Records from a dataset:
====

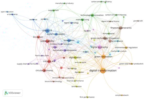 The conducted analysis of keyword co-occurrence in the studied samples (Figure 4, Figure 5 and Figure 6) has enabled the identification of main thematic research directions, as well as the terms used to characterize the subject domain. As depicted in Figure 4, the key structural elements of the network map are Digital Transformation, Innovation, Sustainability, Technological Innovation, Green Innovation, Circular Economy, and Industry 4.0, as evidenced by their prominent node size and high degree of connectivity.
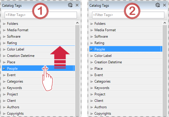 Use the up and down buttons to change the sorting order of the tags. You can also perform a custom sort by drag&drop the tags directly within the Catalog Tags Panel.
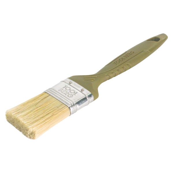 Кисть плоская "Микс-стандарт" смеш.щетина, пласт.рукоятка 38мм TOOLBERG применяется для нанесения на различные поверхности средств деревозащиты, лазурей, пропиток, антисептиков, грунтовок.
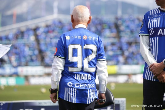 試合前には、世界最高齢アイアンマン・稲田弘氏をはじめ、SCOグループ代表取締役社長・玉井雄介、モンテディオ山形代表取締役社長・相田健太郎氏らが登壇し、「3つの数字」にまつわるトークショーを開催。
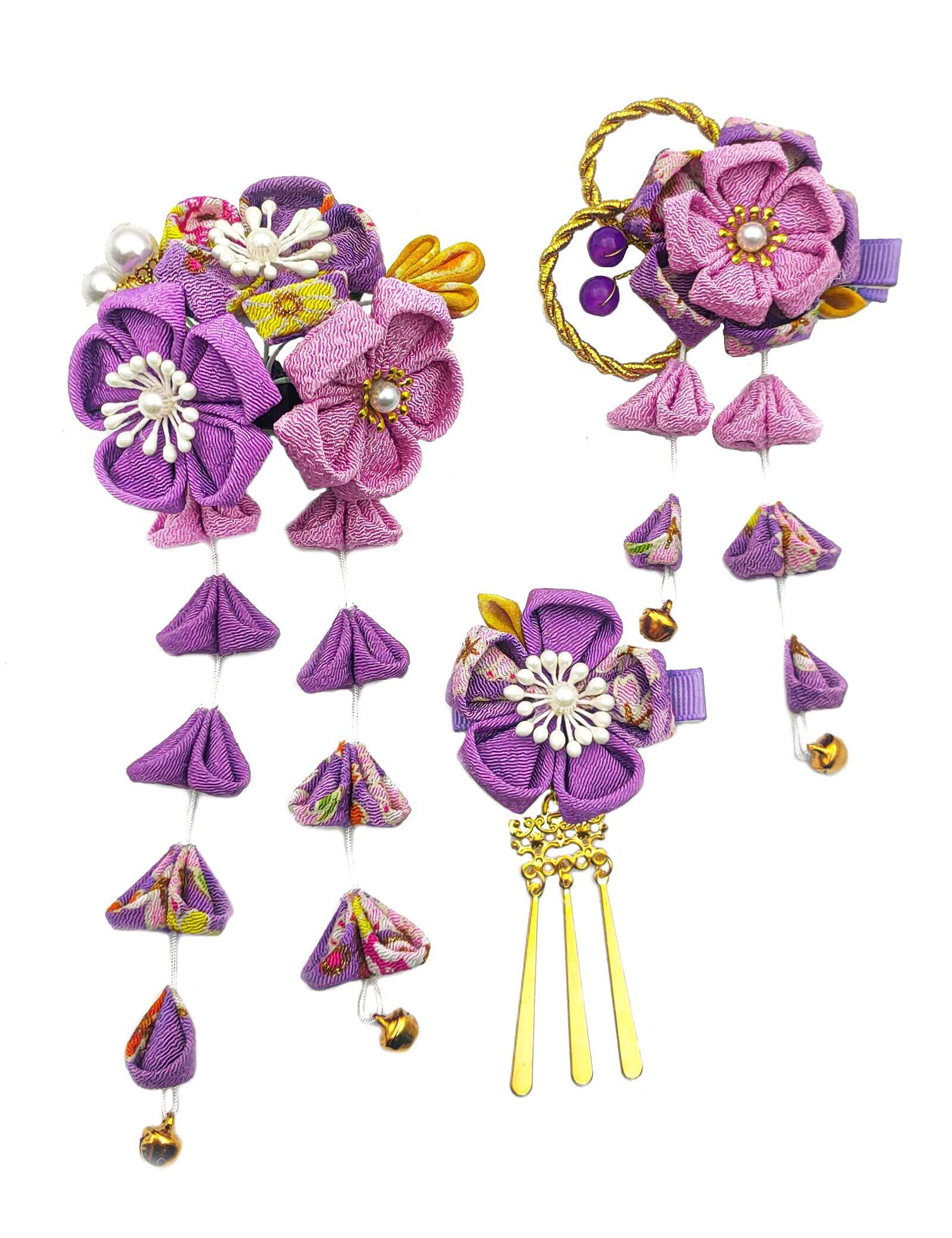 髪飾りは顔に一番近い部分の装飾品として、お召しになる着物の柄や小物の雰囲気にあわせてお選びいただけると着こなしがまとまります。ヘアスタイルを彩り、つまみ細工のJZOON髪飾り3点セットです。4色展開ので、お服の色に合わせ、ご自由に選択いただきようお願い申し上げます。

====

Excluding all pictures, print exactly and only the lines from the line with "Use the up and" through the end of the records above, both ends included.

 Use the up and down buttons to change the sorting order of the tags. You can also perform a custom sort by drag&drop the tags directly within the Catalog Tags Panel.
 Кисть плоская "Микс-стандарт" смеш.щетина, пласт.рукоятка 38мм TOOLBERG применяется для нанесения на различные поверхности средств деревозащиты, лазурей, пропиток, антисептиков, грунтовок.
 試合前には、世界最高齢アイアンマン・稲田弘氏をはじめ、SCOグループ代表取締役社長・玉井雄介、モンテディオ山形代表取締役社長・相田健太郎氏らが登壇し、「3つの数字」にまつわるトークショーを開催。
 髪飾りは顔に一番近い部分の装飾品として、お召しになる着物の柄や小物の雰囲気にあわせてお選びいただけると着こなしがまとまります。ヘアスタイルを彩り、つまみ細工のJZOON髪飾り3点セットです。4色展開ので、お服の色に合わせ、ご自由に選択いただきようお願い申し上げます。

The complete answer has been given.